Giving babies antioxidant MitoQ while in womb may prevent heart disease later in life

CAMBRIDGE, United Kingdom – Heart disease kills one in three people and costs the United States and Canada $130 billion each year. Most of this financial burden comes from treatment costs rather than preventative measures. Scientists and doctors are now focusing on finding ways to prevent the disease rather than simply treating it. One of those ways means treating patients while they’re still in the womb. Researchers at the University of Cambridge say giving the antioxidant MitoQ to pregnant sheep prevented their offspring from developing heart disease later in life.

A common complication in human pregnancy is low oxygen in the womb. Doctors can detect this condition, fetal hypoxia, during pregnancy. Chronic fetal hypoxia occurs due to a variety of factors, such as infection of the placenta, obesity in the mother, gestational diabetes, and pre-eclampsia.

How stress in the womb can lead to heart disease

One complication of fetal hypoxia is “oxidative stress,” which can lead to heart and blood vessel damage in babies. In normal conditions, our bodies maintain a constant balance between producing reactive oxygen species (ROS) and eliminating them through natural antioxidant mechanisms. Oxidative stress occurs when ROS production overwhelms our bodies’ internal antioxidant processes.

“Many people may be predisposed to heart disease as adults because of the low level of oxygen they received in the womb. By providing a specific mitochondria-targeted antioxidant supplement to mothers whose pregnancy is complicated by fetal hypoxia, we can potentially prevent this,” says lead researcher Professor Dino Giussani in a university release.
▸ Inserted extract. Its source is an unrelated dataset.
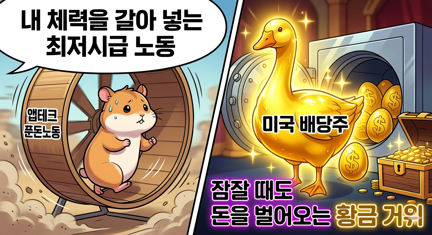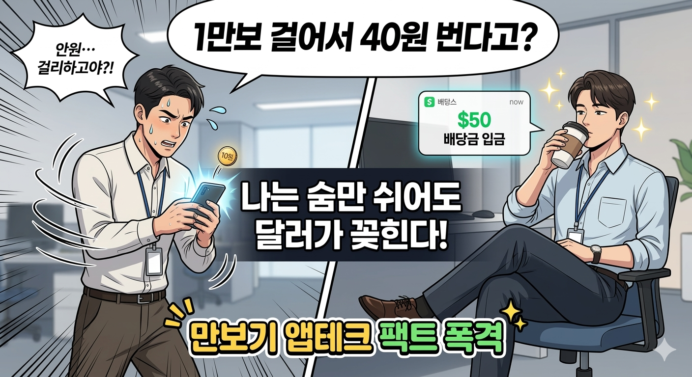 "김 대리야, 넌 1만 보 걸어서 40원 받냐? 난 방금 숨만 쉬었는데 미국에서 5만 원 입금해 줬다. 폰 그만 흔들고 배당주나 사 모아라!"
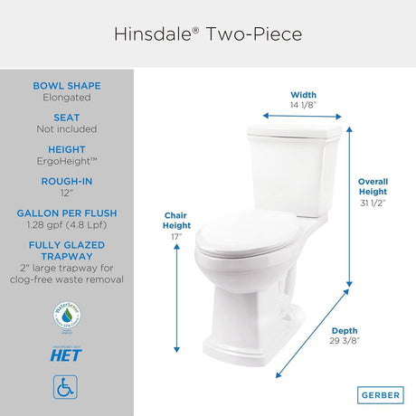Regular price $5531UnavailableGerber G0020181 White Hinsdale 1.28 Gpf 12" Rough-in Two-piece Elongated...

Giussani is a professor in the Department of Physiology, Development, and Neuroscience at the University of Cambridge.

MitoQ’s long lasting impact

Mitochondria (cellular structures that create energy to power the body’s processes) are a major source of ROS and play an important role in oxidative stress. The British team targeted mitochondria using the antioxidant. The study finds MitoQ accumulates in mitochondria and reduces oxidative stress.

Researchers induced low oxygen conditions in pregnant sheep and before giving them MitoQ. Their results show using MitoQ prevents hypoxia-induced fetal growth restriction and high blood pressure among the offspring when they become adults.
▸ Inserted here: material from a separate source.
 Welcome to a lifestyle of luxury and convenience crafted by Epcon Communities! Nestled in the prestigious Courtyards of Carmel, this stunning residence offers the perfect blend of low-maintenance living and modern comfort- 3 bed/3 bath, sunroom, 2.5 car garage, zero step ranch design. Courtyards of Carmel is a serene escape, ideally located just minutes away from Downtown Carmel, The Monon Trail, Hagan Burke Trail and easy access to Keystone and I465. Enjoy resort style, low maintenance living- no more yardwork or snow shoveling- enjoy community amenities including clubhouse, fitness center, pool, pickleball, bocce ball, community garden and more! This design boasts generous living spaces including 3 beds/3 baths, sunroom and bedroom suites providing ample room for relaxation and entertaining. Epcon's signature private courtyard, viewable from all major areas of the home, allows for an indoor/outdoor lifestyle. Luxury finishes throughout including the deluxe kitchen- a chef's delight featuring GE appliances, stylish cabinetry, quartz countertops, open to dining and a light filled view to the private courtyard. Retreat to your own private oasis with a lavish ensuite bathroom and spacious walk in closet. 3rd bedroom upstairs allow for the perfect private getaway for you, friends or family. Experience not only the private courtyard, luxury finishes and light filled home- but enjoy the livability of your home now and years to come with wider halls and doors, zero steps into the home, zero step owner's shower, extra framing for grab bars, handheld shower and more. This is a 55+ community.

“MitoQ has already been used in a number of human trials, for example it was shown to lower hypertension in older subjects. It is very exciting to see the potential to use MitoQ to treat a baby during a problematic pregnancy and prevent problems arising far later in life. There’s still a long way to go before this can be used by pregnant mothers, but our work points to new possibilities for novel treatments,” researcher Mike Murphy explains.
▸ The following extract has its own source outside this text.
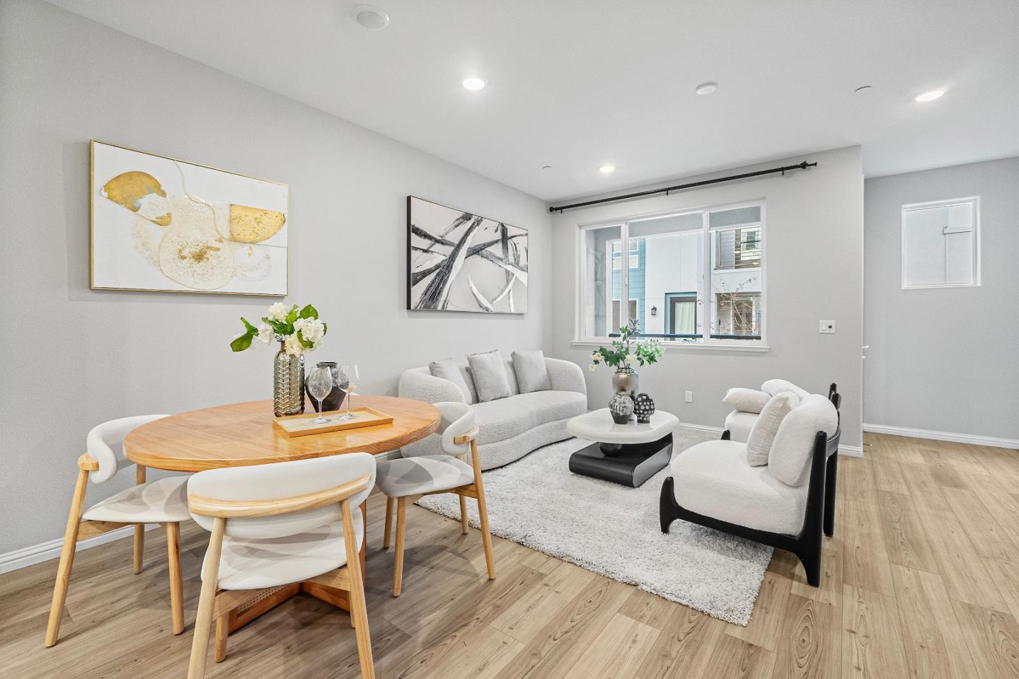 Serene Living in the Heart of a Modern Community! Step into tranquility with this contemporary, 4-year-old gem, perfectly positioned away from the hustle and bustle of streets and cars in a sustainable, all-electric community. The home's interior is a haven of natural light, showcasing a thoughtful layout. The essence of modern living is captured in the main living area, where an upgraded kitchen awaits with quartz countertops, a center island, and energy-efficient appliances, all complemented by a balcony designed for serene moments. The private quarters upstairs offer unmatched tranquility, with dual suites providing luxury and comfort. The master suite is a retreat of its own, featuring dual walk-in closets and a sophisticated bathroom. Across the hall, a guest suite with a private bath ensures comfort for all. This home promises a quiet lifestyle with access to communal parks, playgrounds, and a dog park, enhancing your living experience. The convenience of being within walking distance to essential amenities and easy access to transit and highways, combined with a low HOA of $285/month, solidifies this property as an ideal haven.

“If we want to reduce the prevalence of cardiovascular disease, we need to think of prevention rather than a cure. Applying this concept to pregnancy complications, we can bring preventative medicine all the way back into the womb – it’s treatment before birth. It completely changes our way of thinking about heart disease,” adds Giussani.

The study is published in the journal Science Advances.